START Provided entries

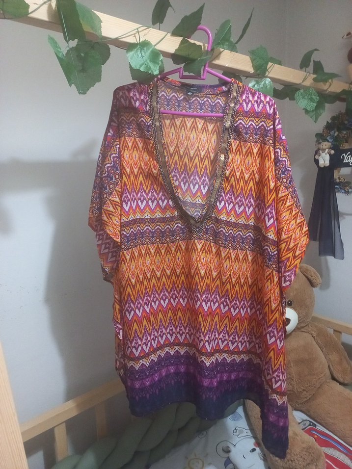 Renkli bohem tunik, dökümlü bol kesim, V yakalıdır. Batik desen, günlük kullanıma renkli ve retro bir hava katar. Plaj elbisesi . hic kullanilmadi
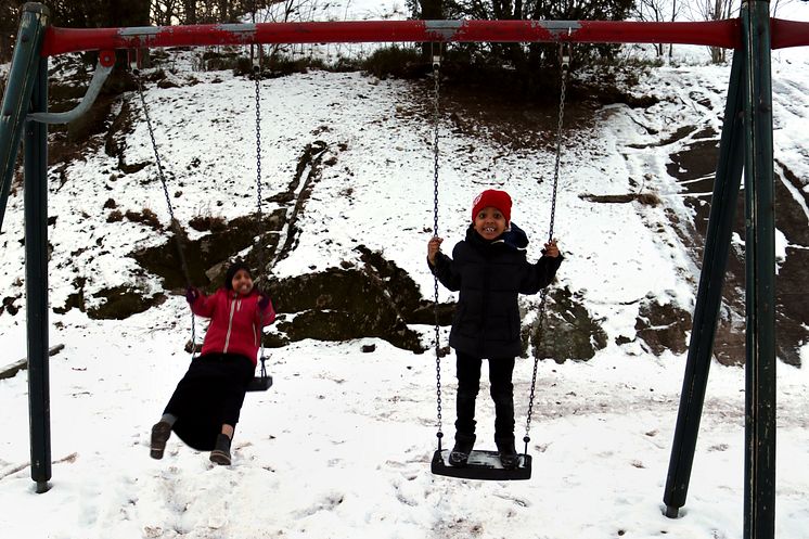 Mona Hussein är en samtida ung fotograf, som i foton nytagna för utställningen visar hur dagens barn och unga använder och upplever området. En del saker är samma som på Jensens tid, medan annat förändrats och tagit nya former.
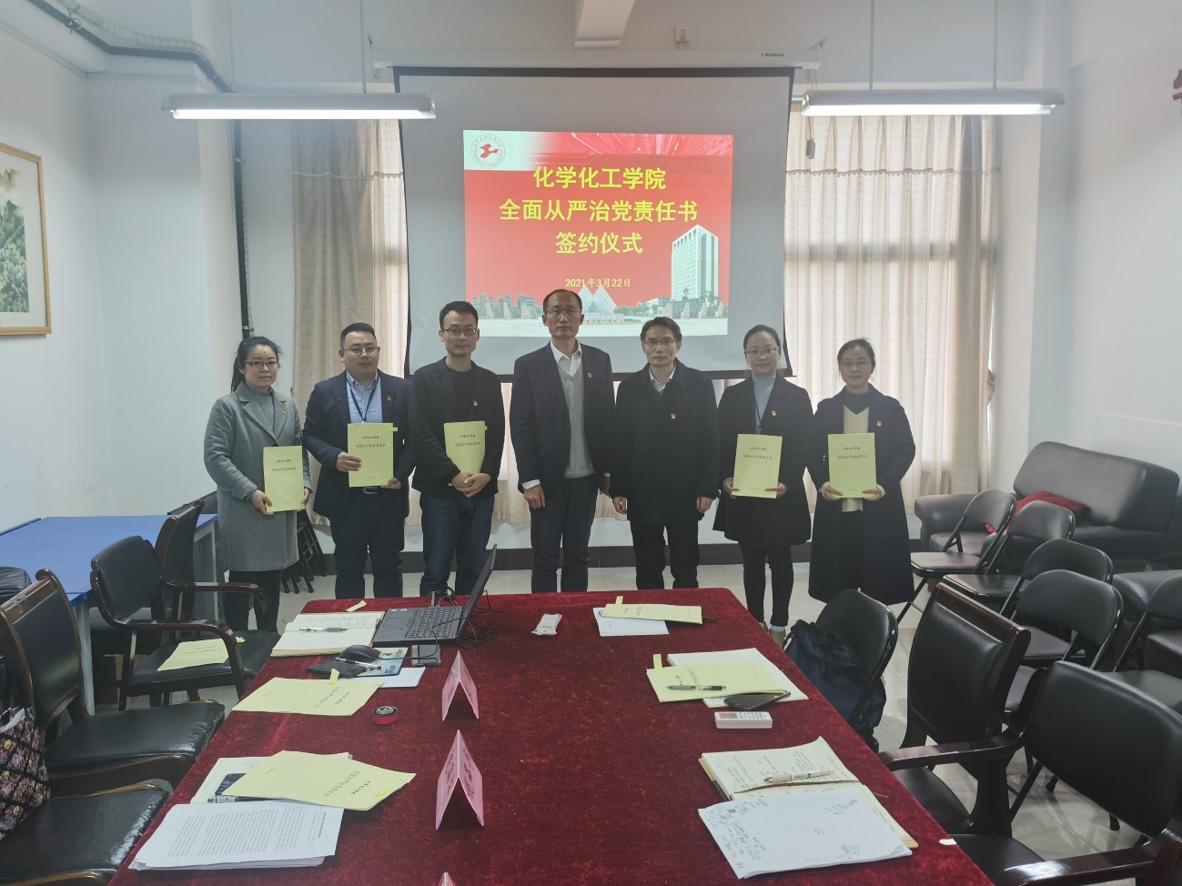 会上,学院领导与各党支部书记、系室主任等签署了《化学化工学院党委2021年全面从严治党责任书》。
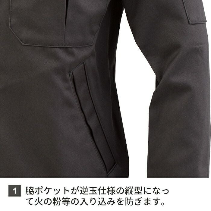◇ブルゾン前面、フラップ、袖口は糸付けボタンを隠す仕様で、火熱を扱う現場での火花・スパッタがあたりにくく、他のモノが傷付かない安心・安全設計
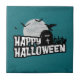 Fröhliche Halloween Textil-Illustration mit Friedhof- und Fledermausdekoration bei Vollmond auf grunblauem Hintergrund
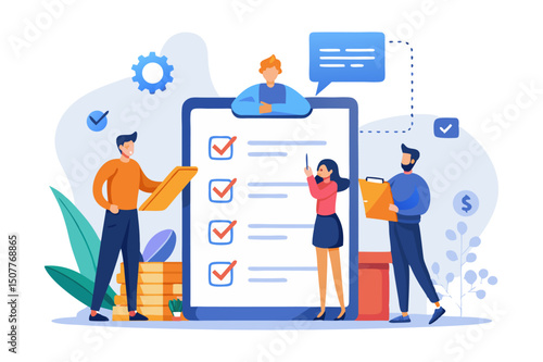 A team of diverse individuals is actively managing a large checklist with completed tasks, surrounded by elements of productivity, finances, and communication.

END Provided entries

# Requirement:
Give again, exactly as written above, every line from the one holding "会上,学院领导与各党支部书记" to the one holding "Fröhliche Halloween Textil-Illustration", with both ends kept and the pictures left out.

# Response box:
 会上,学院领导与各党支部书记、系室主任等签署了《化学化工学院党委2021年全面从严治党责任书》。
◇ブルゾン前面、フラップ、袖口は糸付けボタンを隠す仕様で、火熱を扱う現場での火花・スパッタがあたりにくく、他のモノが傷付かない安心・安全設計
 Fröhliche Halloween Textil-Illustration mit Friedhof- und Fledermausdekoration bei Vollmond auf grunblauem Hintergrund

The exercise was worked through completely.